# porter cable help



## Corey The Taper (Mar 18, 2014)

My porter cable sander just died no motor sound at all. Usually I just replace the motor but I was wondering is there something I could check before to see if a new motor is needed


----------



## JustMe (Apr 17, 2009)

The switch?

I remember Capt Sheetrock saying you could get the motor for a PC sander out of one or more of their other tools, for a decent amount less than buying a motor only.


----------



## Corey The Taper (Mar 18, 2014)

Ya I havent opened it up yet I was finishing a job today and it died. Usually the switch is the first thing I check but I remember someone saying you can change the brushes I think


----------



## gazman (Apr 29, 2011)

Yes the brushes can be changed. And the Captain said that the motor from a Porter Cable drill fits the sander.


----------



## DSJOHN (Apr 5, 2010)

Brushes are the 1st thing to go---I have 3 of them cory--have replaced brushes in all 3--switch in 2 of them and motor went in 3rd


----------



## Corey The Taper (Mar 18, 2014)

Yea I just fixed it I guess I was clumsy and left a wire where the screw goes so the wire broke the white one so I just took a motor from one of my other handles that the head broke so all is good till it breaks again.
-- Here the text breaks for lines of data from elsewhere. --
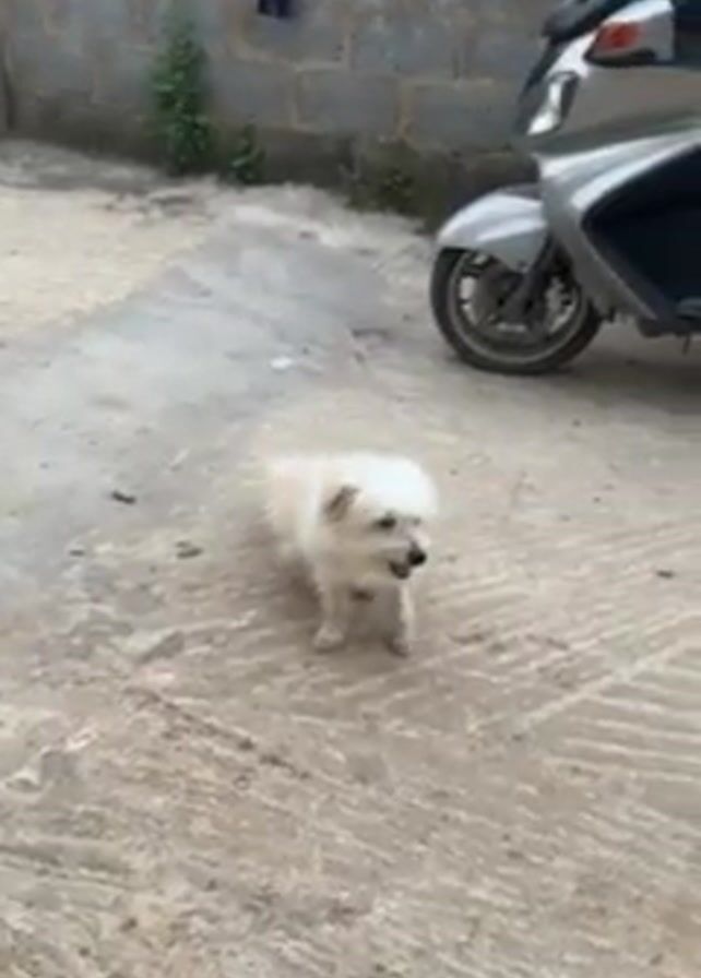 A small, white, long-haired dog is standing on a concrete surface. The dog then starts to walk across the surface, heading to the left. A motorcycle is visible in the background, parked next to a cinder block wall. Some clothing is hanging on the wall.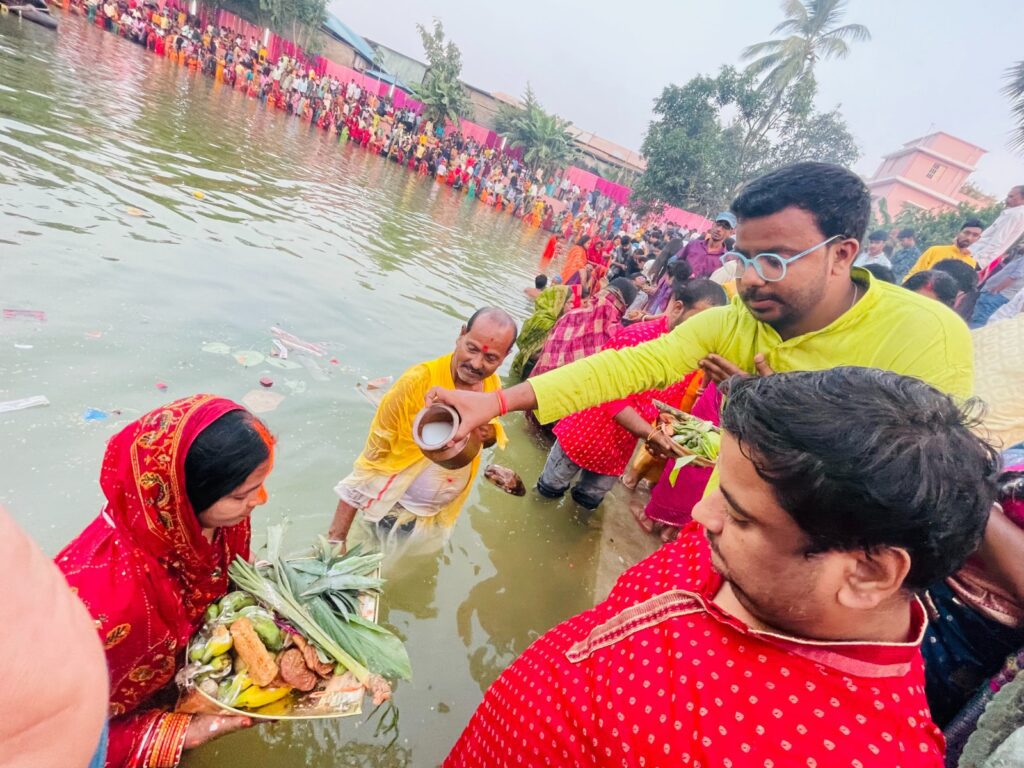 अस्ताचलगामी सूर्य अर्घ्य छठ पूजा सुरक्षा व्यवस्था टना छठ घाट बिहार छठ पूजा 2025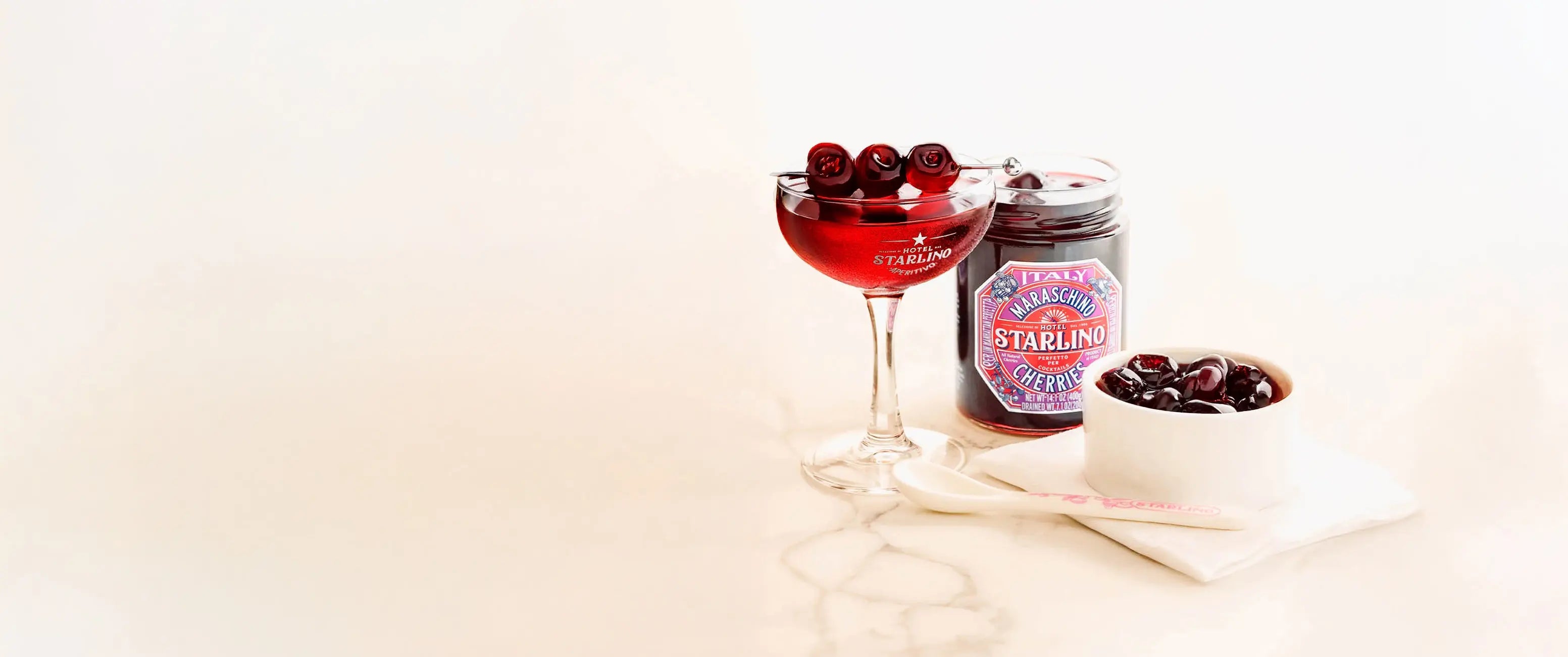 Starlino Maraschino Cherries aren't meant to be the first thing you taste. They're meant to be the last. Preserved in Marasca syrup, they bring balance and intention to the final moment of a well-made cocktail.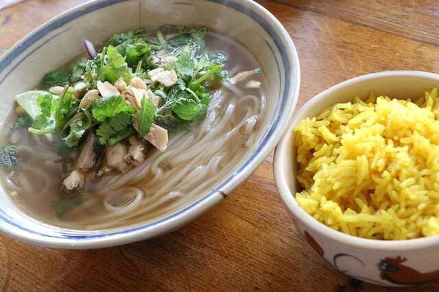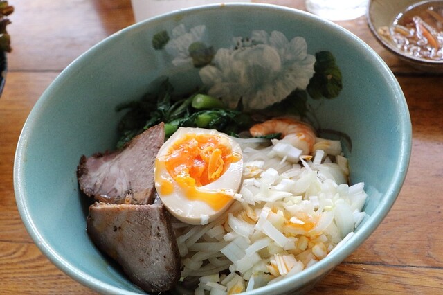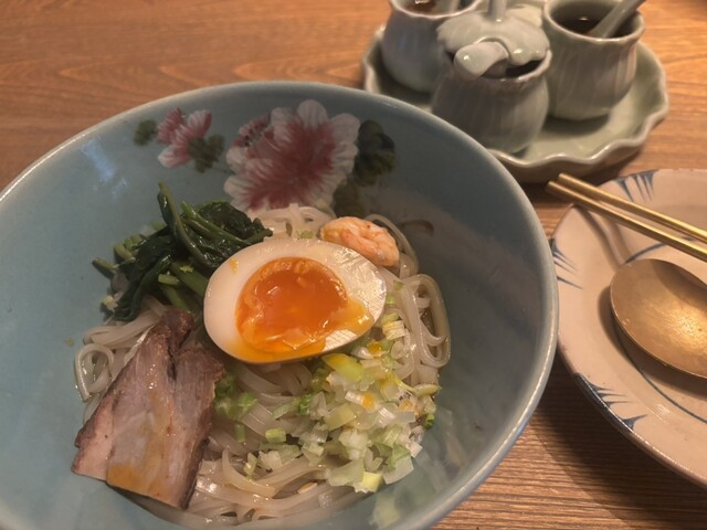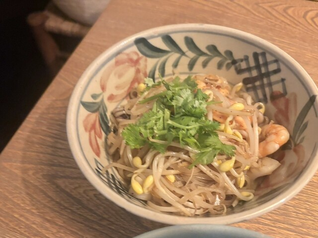 夜、予約を取らず訪問したら、運良く席が空いていたので座れました♪ 予約しない客は、料理とドリンクを必ず一品づつ注文しないとダメとの事でしたので、以下を注文しました。なお、予約すると1人3,000円以上の注文がマストになります。 ・生米麺大山鶏辛みフォー&ターメリックライス ・大山鶏生春... 詳細を見る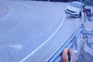 Uludağ’dan Çekirge’ye seyir halinde olan bir araba, şoförünün viraja süratli girmesi nedeniyle denetimden çıkarak bariyerlere çarptı.

Seen a festool in person the other day looks sweet more money but atleast it comes with a warranty and I can have the pc for a backup for when I need to send it out


----------



## Corey The Taper (Mar 18, 2014)

Oh ya has anyone ever taken the pc vaccuum apart I tryed to one time but was never able to get it open I have a couple that are dead so idk if it could be fixed


----------